====== Source information ======

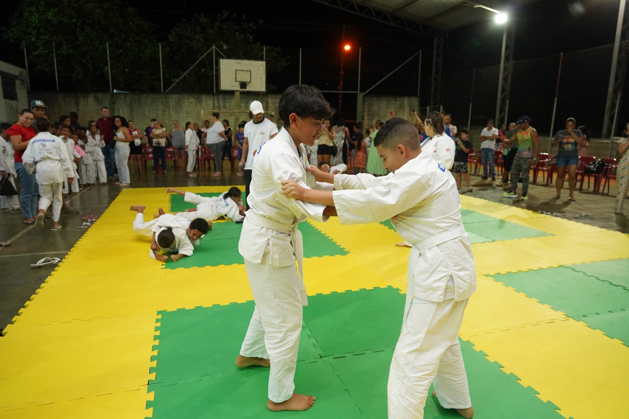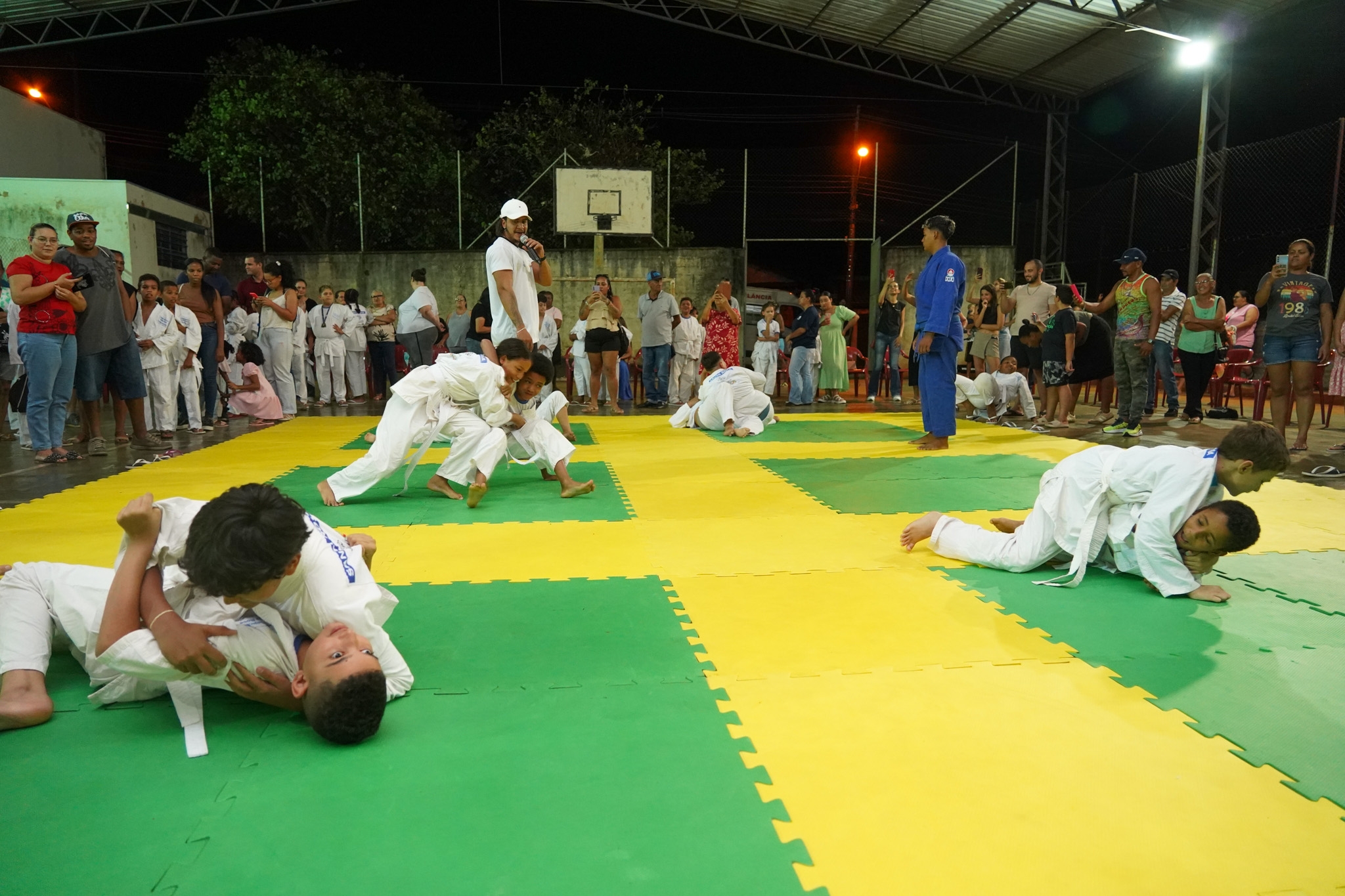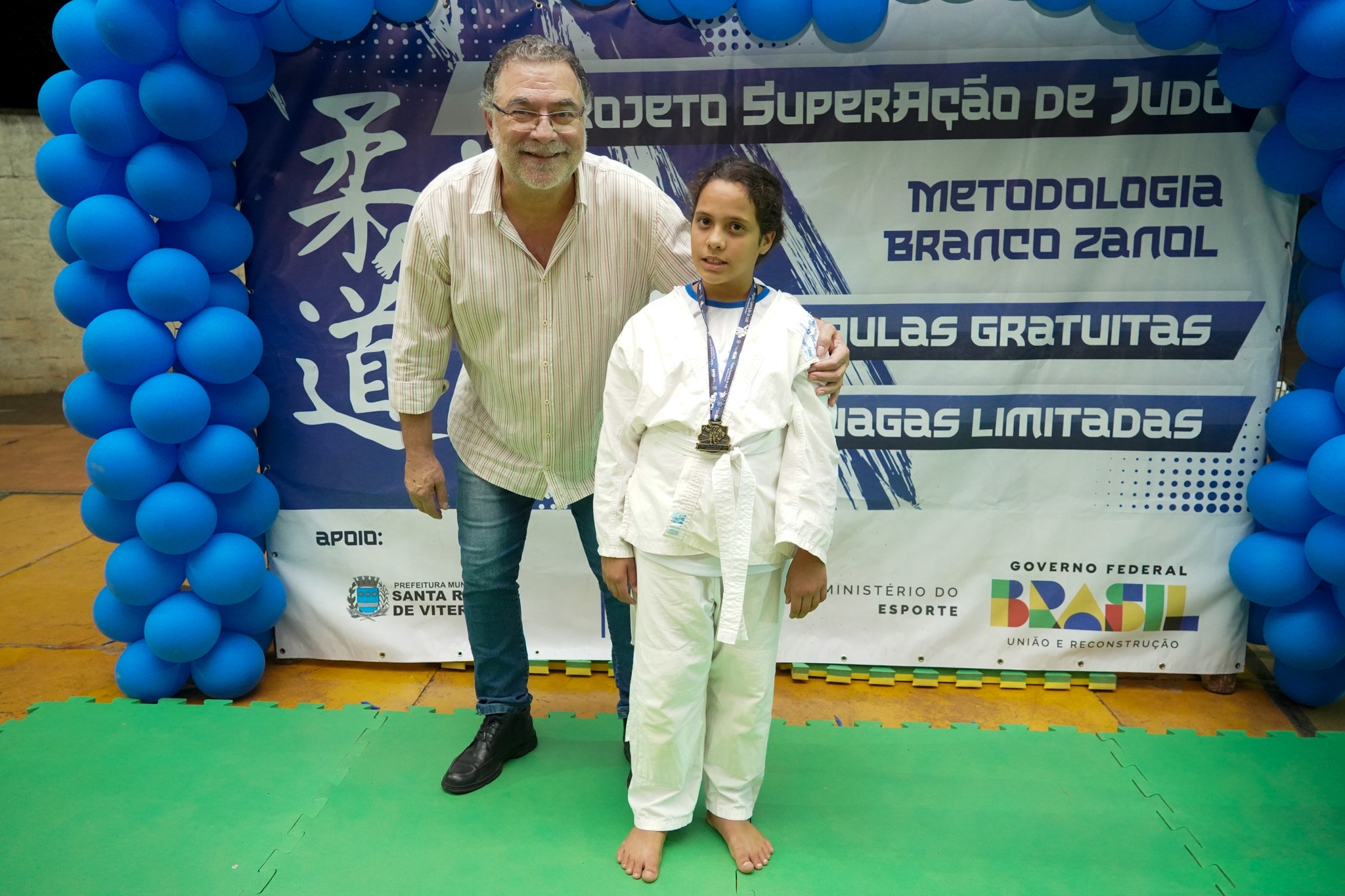 O 1º Festival de Judô do Projeto SuperAção reuniu os alunos do Programa Recriança, dos polos Tio Pica-Pau e João Candinho, na noite desta quarta-feira, 12 de novembro, na Escola Lourdes Pereira Massaro, em Santa Rosa de Viterbo. O evento, que contou com a presença de pais, familiares e professores do Recriança, além dos vereadores Marinho Titarelli, Cidinha Estevam, Chico Vacis e Luís dos Reis Augusto (Bode), bem como do chefe do Setor de Esportes, Rafael Rodriguez, do diretor de Educação, Marcos Ferri, e do prefeito Omar Nagib, foi marcado por um clima de integração, incentivo ao esporte e celebração do aprendizado, proporcionando momentos de confraternização e espírito esportivo entre os participantes.
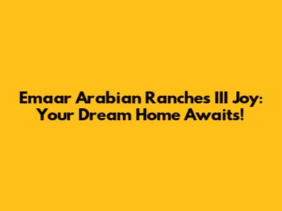 Hey guys! Are you on the hunt for a dream home that combines luxury, comfort, and a vibrant community? Well, look no further because Emaar's Arabian Ranches III Joy is here to steal your heart! This amazing residential development offers a unique blend of modern living and serene landscapes, making it the perfect place to create lasting memories with your loved ones. Let's dive into what makes Arabian Ranches III Joy such a fantastic choice for your next home.
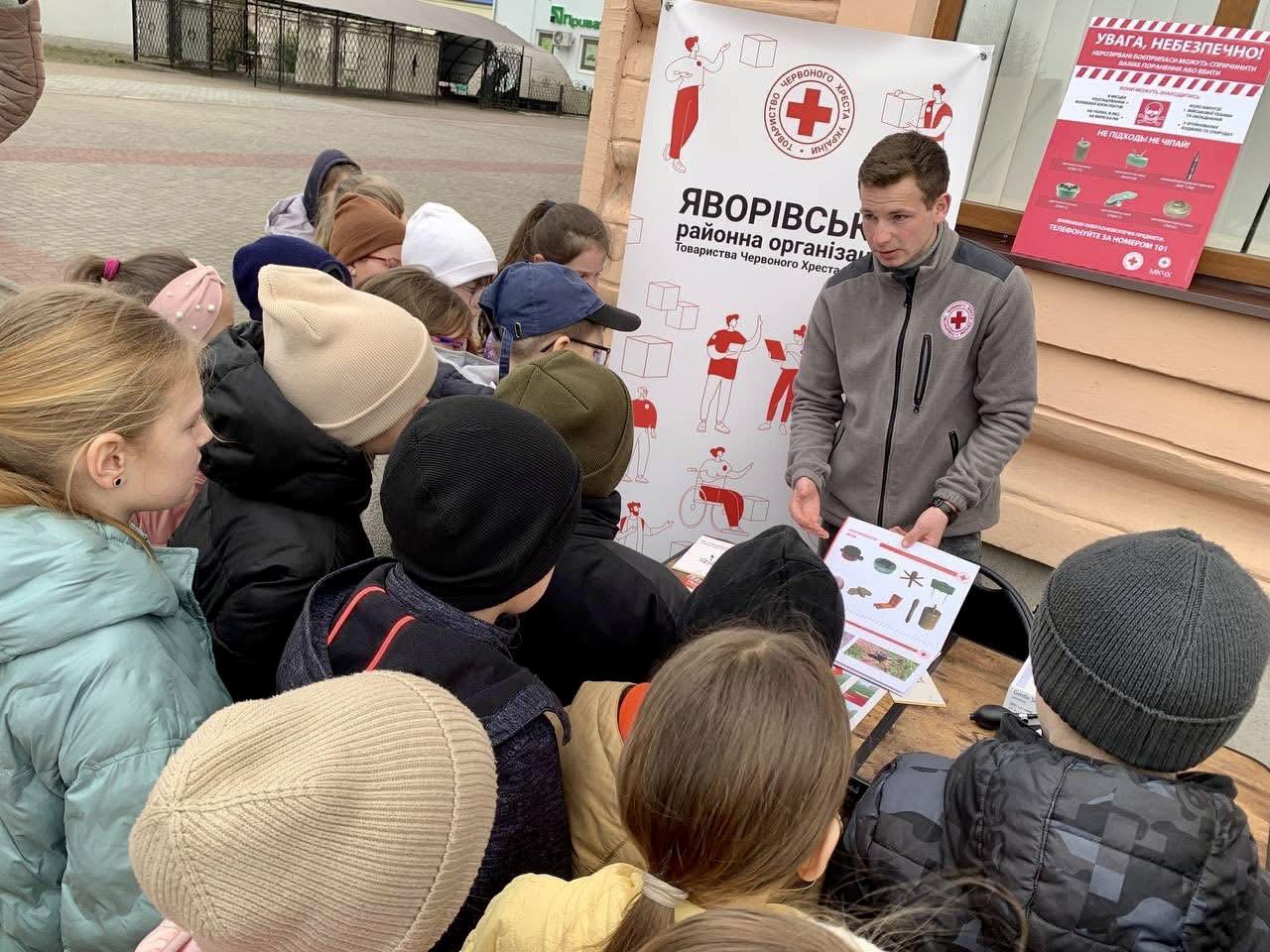 У Львівській області фахівці з напрямку «Інформування про ризики вибухонебезпечних предметів та правила безпечнішої поведінки» Українського Червоного Хреста активно інформують учнів шкіл у дні Цивільного захисту про ризики вибухонебезпечних предметів.
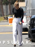 Jennifer Lopez has been visiting fiancé Ben Affleck on set of his latest project in LA, showing up in sophisticated street style ensembles daily. From a casual jumpsuit to a bohemian-inspired flared jeans look, she keeps the outfit inspiration coming. On July 5, Lopez arrived in white high-rise, wide-leg denim from Et Ochs. The jeans feature subtle contrast stitching and a flowing hem, complete with logo hardware on the back right pocket. She cinched her waist with a gold Hermès belt and added hoops from Jennifer Fisher to match.
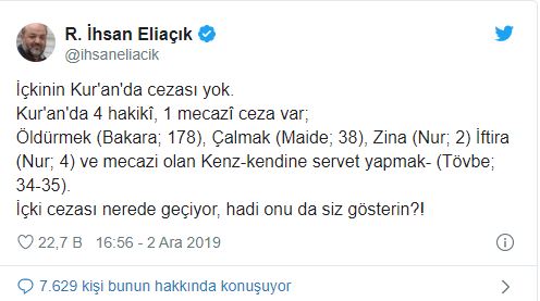 Tam da bu iddianın gündemde olduğu süreçte ilahiyatçı İhsan Eliaçık, Twitter hesabından yaptığı paylaşımda Kur'an’da içki içmenin cezası olmadığını öne sürdü ve bir de çağrıda bulundu:
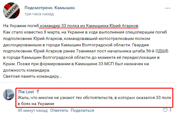 За наявними даними, командира було знищено під час бойових дій на Донбасі. Юрій Агарков раніше обіймав посаду начальника штабу 56-ї ОДШБ у місті Камишин Волгоградської області до моменту її передислокації в окупований Крим.
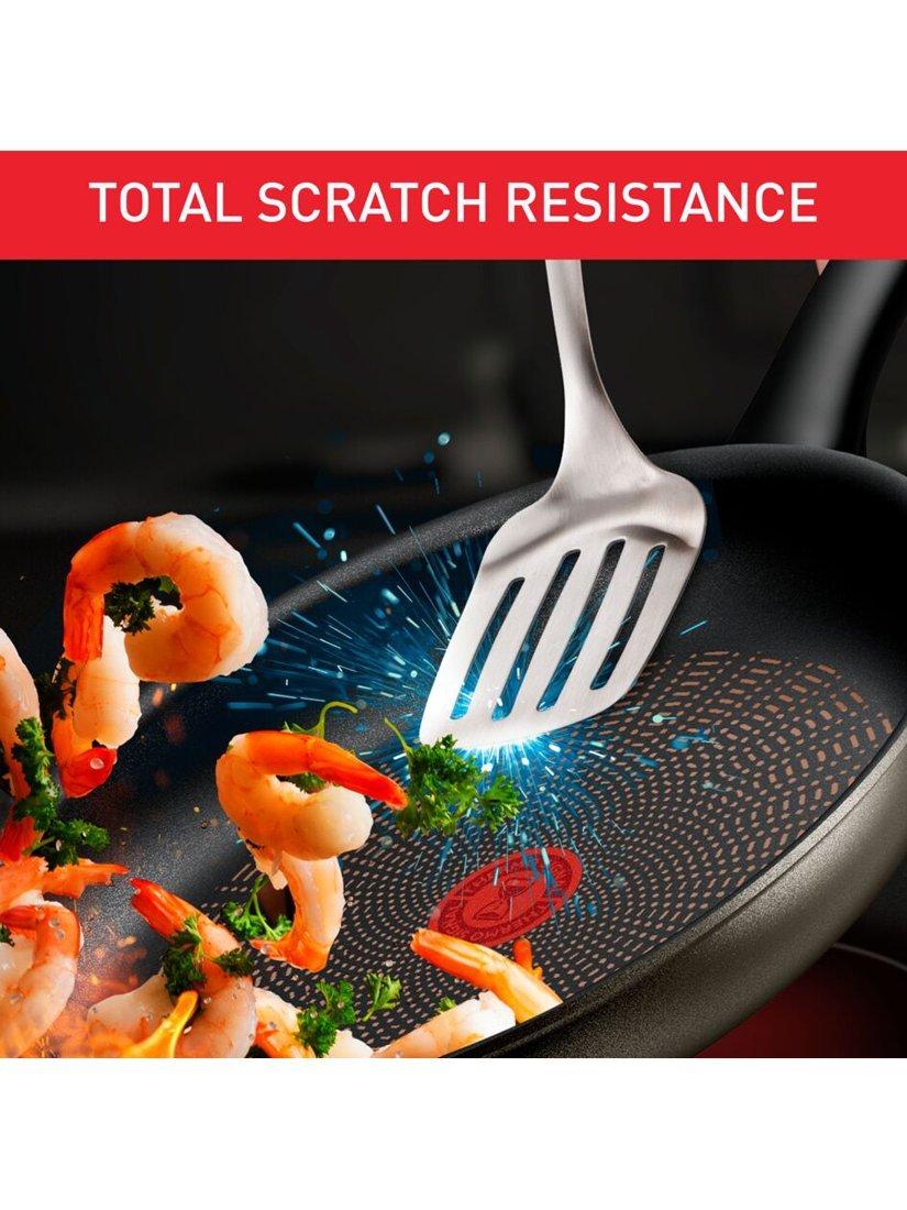 Tefal ProTech cookware is hard-wearing and can hold up to intensive daily use. Its safe non-stick coating features an extra-thick design that delivers exceptional scratch resistance, even against metal utensils, all except for sharp-edged utensils, knives, forks and whisks.
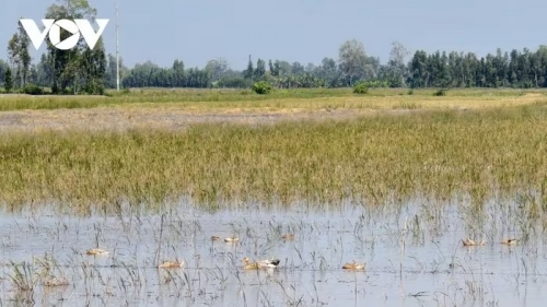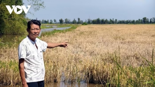 Trên cánh đồng ấp Mỹ Lợi B, anh Lý Tấn Lộc đứng lặng nhìn 12 công lúa đã ngập sâu, không thể thu hoạch. Giọng còn đầy xót xa anh kể, khi lúa vừa làm đòng, mưa bắt đầu kéo dài cộng thêm triều cường dâng quá nhanh khiến bơm tát không kịp. Toàn bộ diện tích đành bán rẻ cho chủ vịt, dù trước đó anh đã bỏ vào hơn 20 triệu đồng tiền đầu tư.
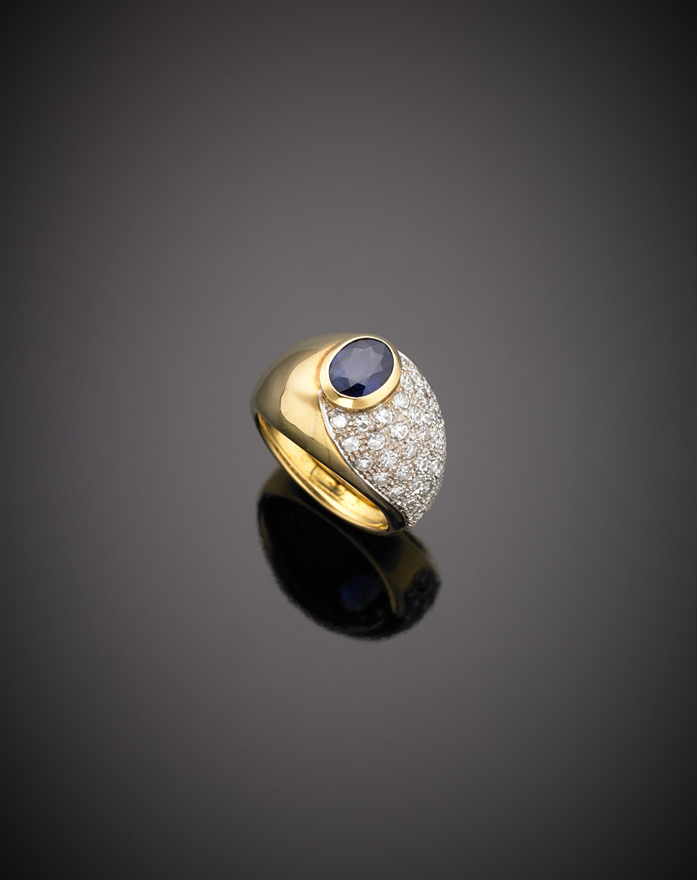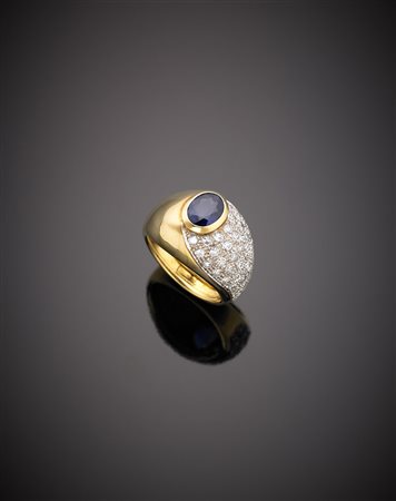 CATTANEO CARLO Anello in oro giallo con pave di diamanti su oro bianco ed al centro uno zaffiro ovale di ct.1,02 circa, g.7,30, misura 12/52 CATTANEO CARLO Bi-coloured gold diamond pavé and ct.1,02 sapphire ring g.7,30 size 12/52

======

The line containing "У Львівській області" marks the end; please output exactly the lines of the listing above from its first line through that line, without pictures.

Output of the exercise =
 O 1º Festival de Judô do Projeto SuperAção reuniu os alunos do Programa Recriança, dos polos Tio Pica-Pau e João Candinho, na noite desta quarta-feira, 12 de novembro, na Escola Lourdes Pereira Massaro, em Santa Rosa de Viterbo. O evento, que contou com a presença de pais, familiares e professores do Recriança, além dos vereadores Marinho Titarelli, Cidinha Estevam, Chico Vacis e Luís dos Reis Augusto (Bode), bem como do chefe do Setor de Esportes, Rafael Rodriguez, do diretor de Educação, Marcos Ferri, e do prefeito Omar Nagib, foi marcado por um clima de integração, incentivo ao esporte e celebração do aprendizado, proporcionando momentos de confraternização e espírito esportivo entre os participantes.
 Hey guys! Are you on the hunt for a dream home that combines luxury, comfort, and a vibrant community? Well, look no further because Emaar's Arabian Ranches III Joy is here to steal your heart! This amazing residential development offers a unique blend of modern living and serene landscapes, making it the perfect place to create lasting memories with your loved ones. Let's dive into what makes Arabian Ranches III Joy such a fantastic choice for your next home.
 У Львівській області фахівці з напрямку «Інформування про ризики вибухонебезпечних предметів та правила безпечнішої поведінки» Українського Червоного Хреста активно інформують учнів шкіл у дні Цивільного захисту про ризики вибухонебезпечних предметів.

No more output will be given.